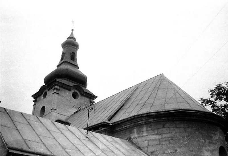 1991 р. Верх костелу. Вигляд з позиції А2Розмір зображення: 800:549 піксел 1991 р. 11 липня. Фото М.І.Жарких. Негатека, № 673-31. |
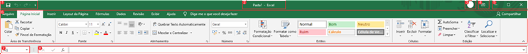 Descrevendo as funções das áreas e dos comandos disponibilizados na parte superior da janela do Excel.
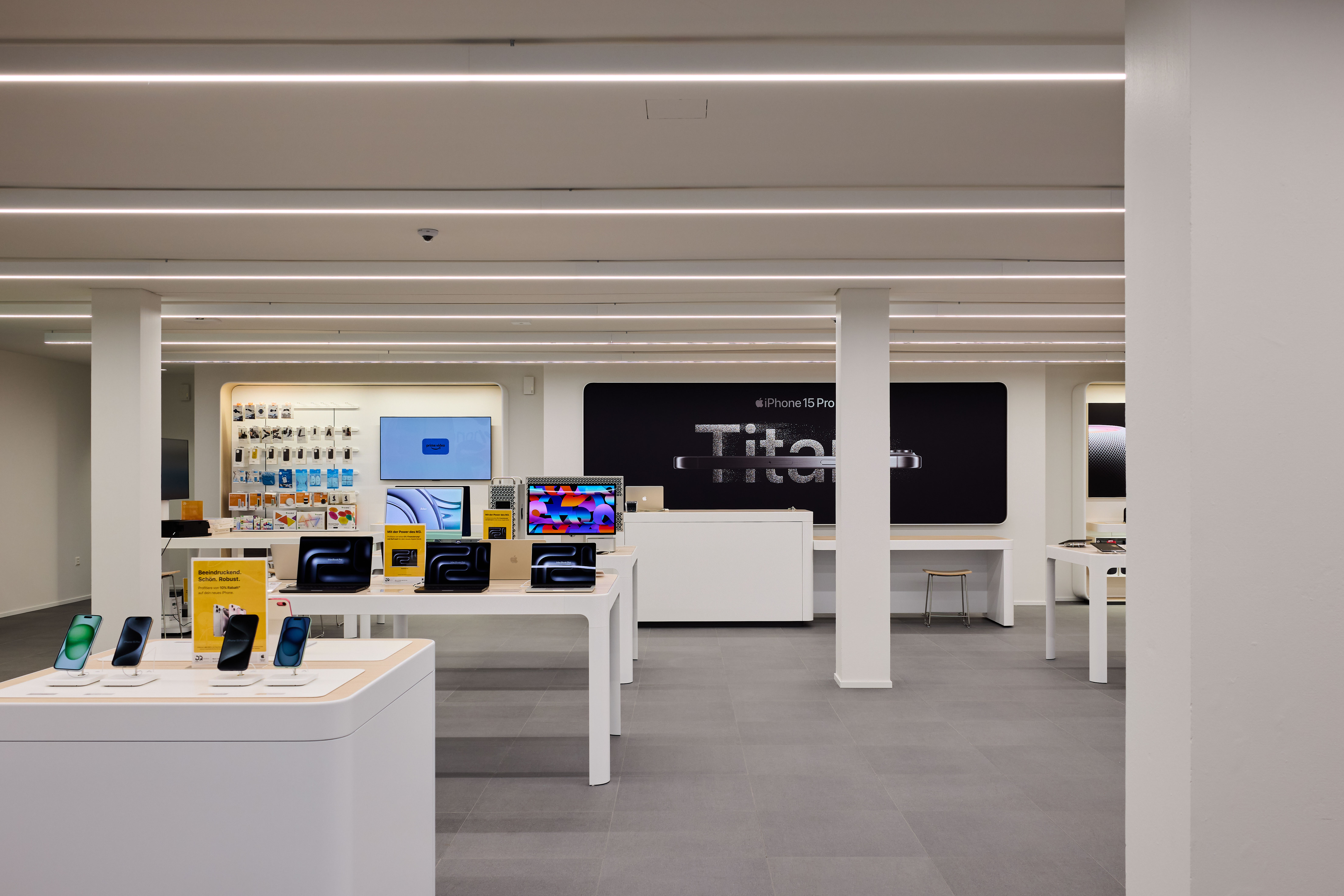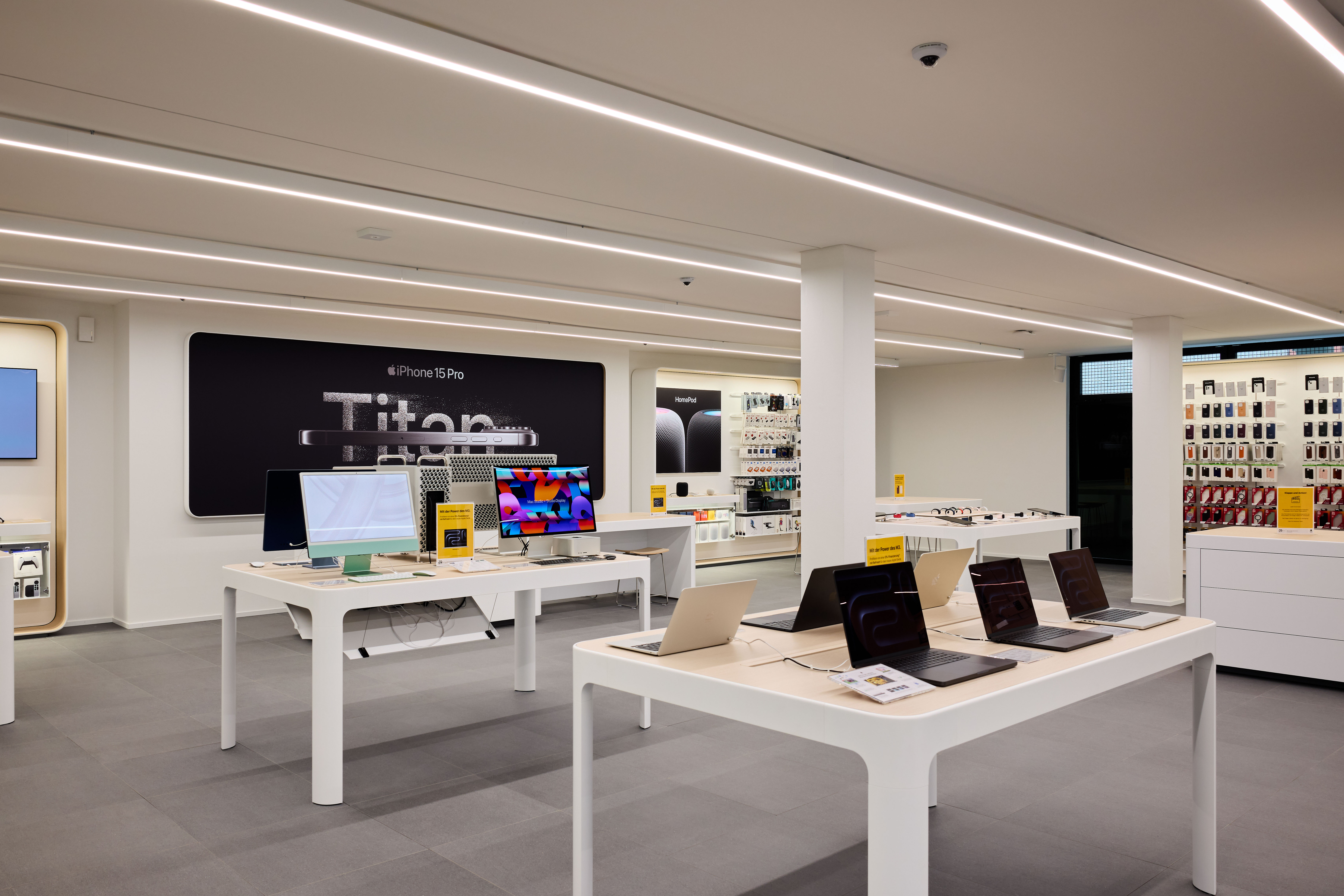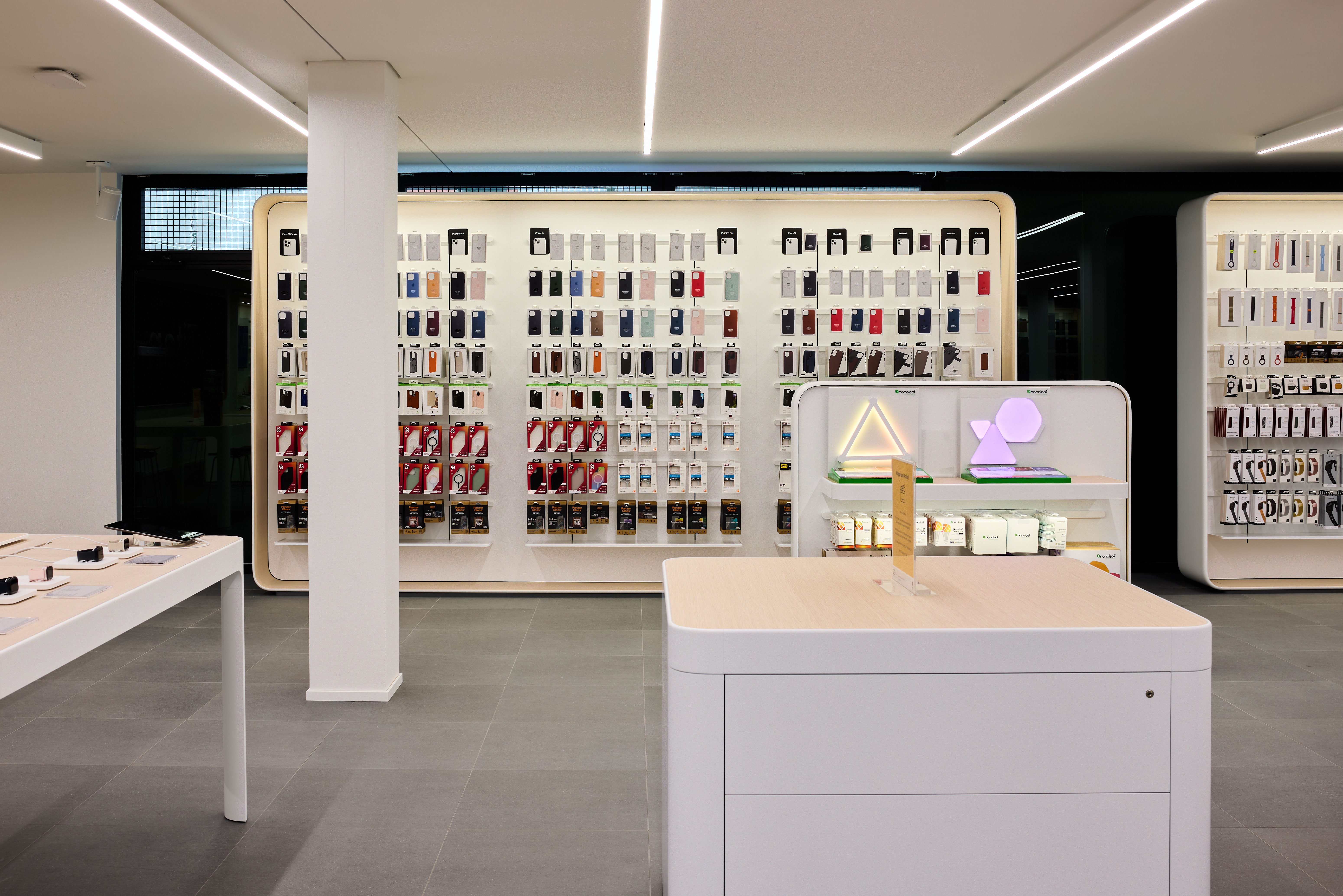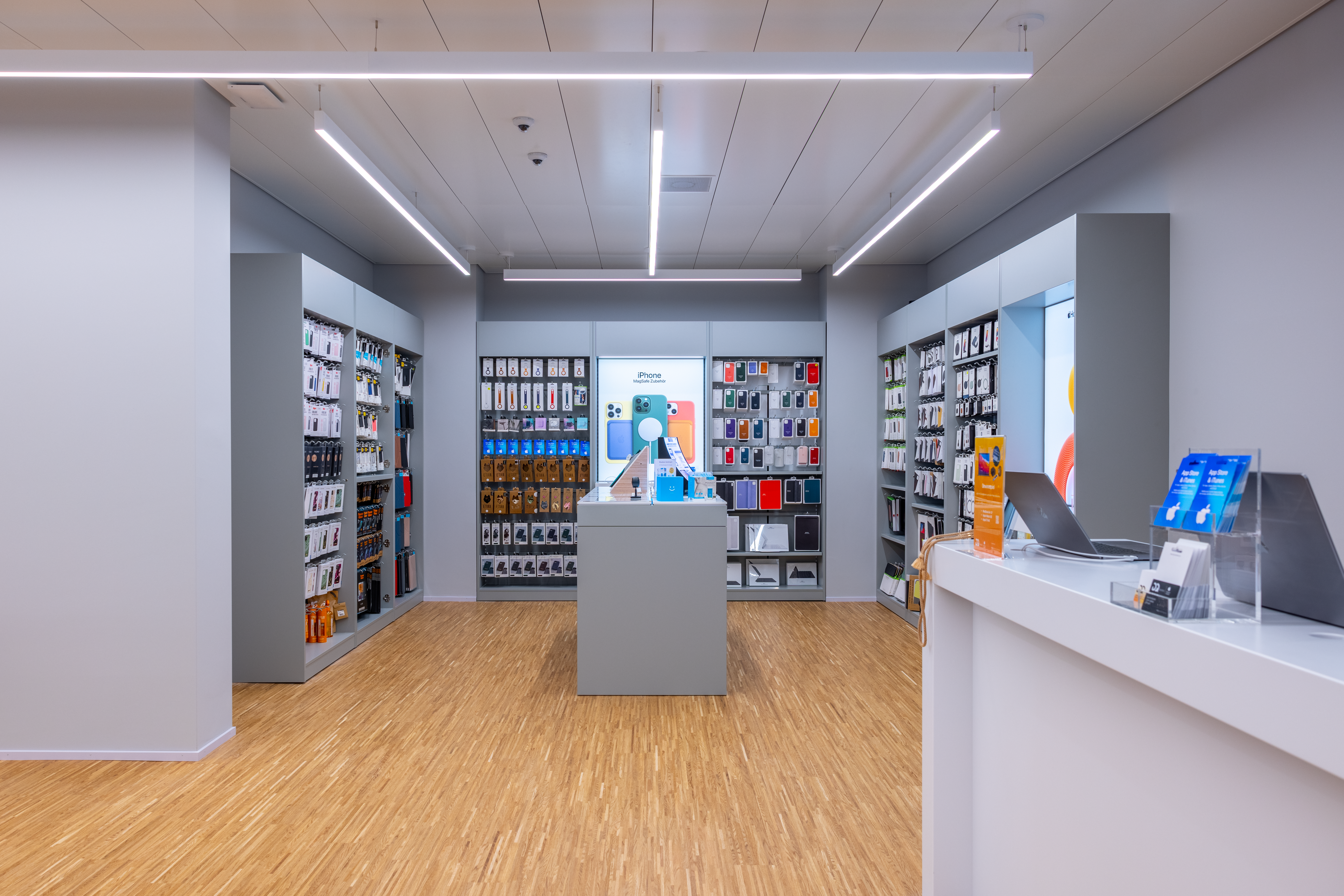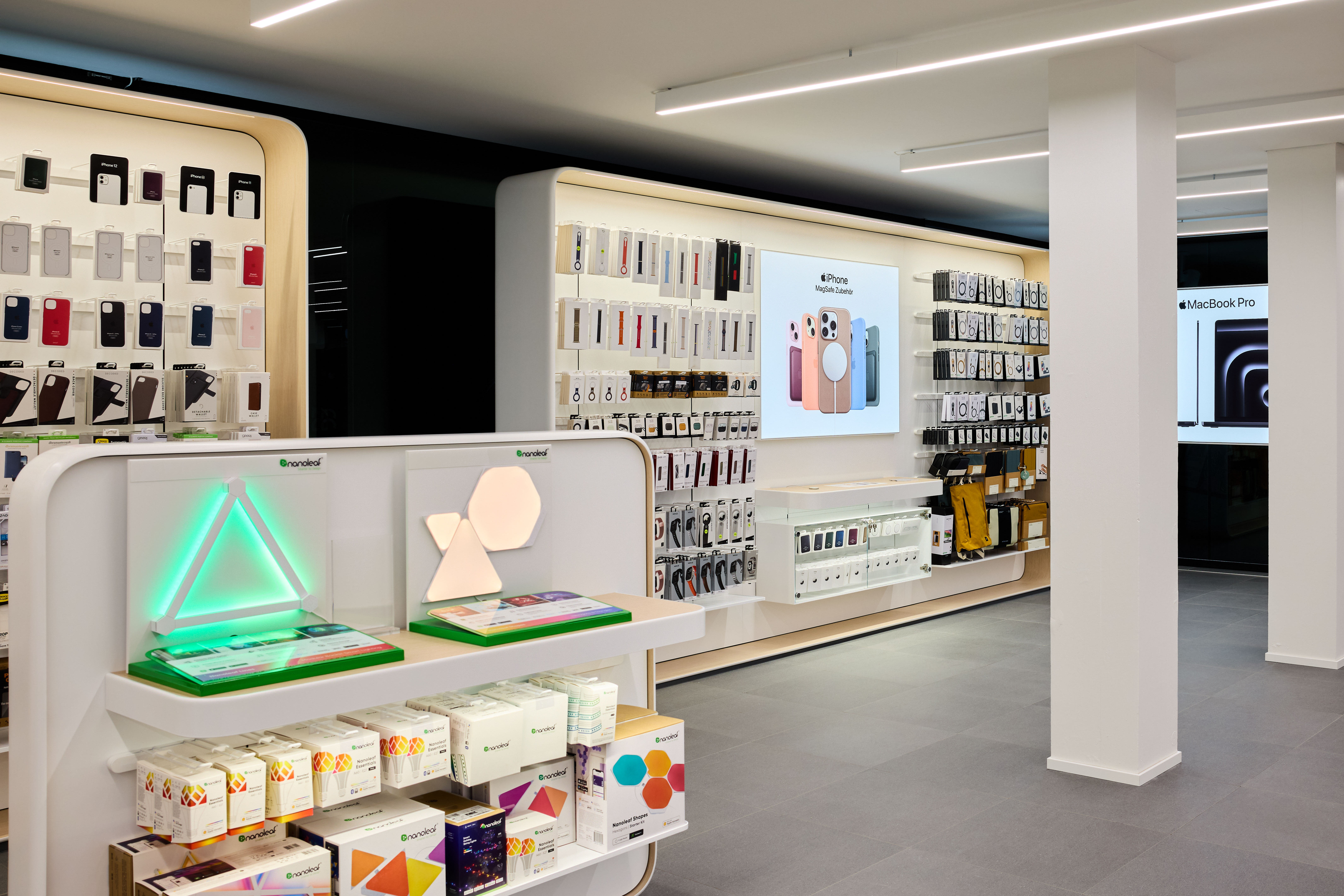 The spacious shop invites you to linger, state-of-the-art screens present new products, the latest devices are waiting to be tested. Bright and transparent, the freshly renovated store provides the perfect stage for products and accessories.

----

Only the pictures in the listing above get left out; print everything else exactly.

#### SOLUTION FOR THIS TASK
 1991 р. Верх костелу. Вигляд з позиції А2Розмір зображення: 800:549 піксел 1991 р. 11 липня. Фото М.І.Жарких. Негатека, № 673-31. |
 Descrevendo as funções das áreas e dos comandos disponibilizados na parte superior da janela do Excel.
 The spacious shop invites you to linger, state-of-the-art screens present new products, the latest devices are waiting to be tested. Bright and transparent, the freshly renovated store provides the perfect stage for products and accessories.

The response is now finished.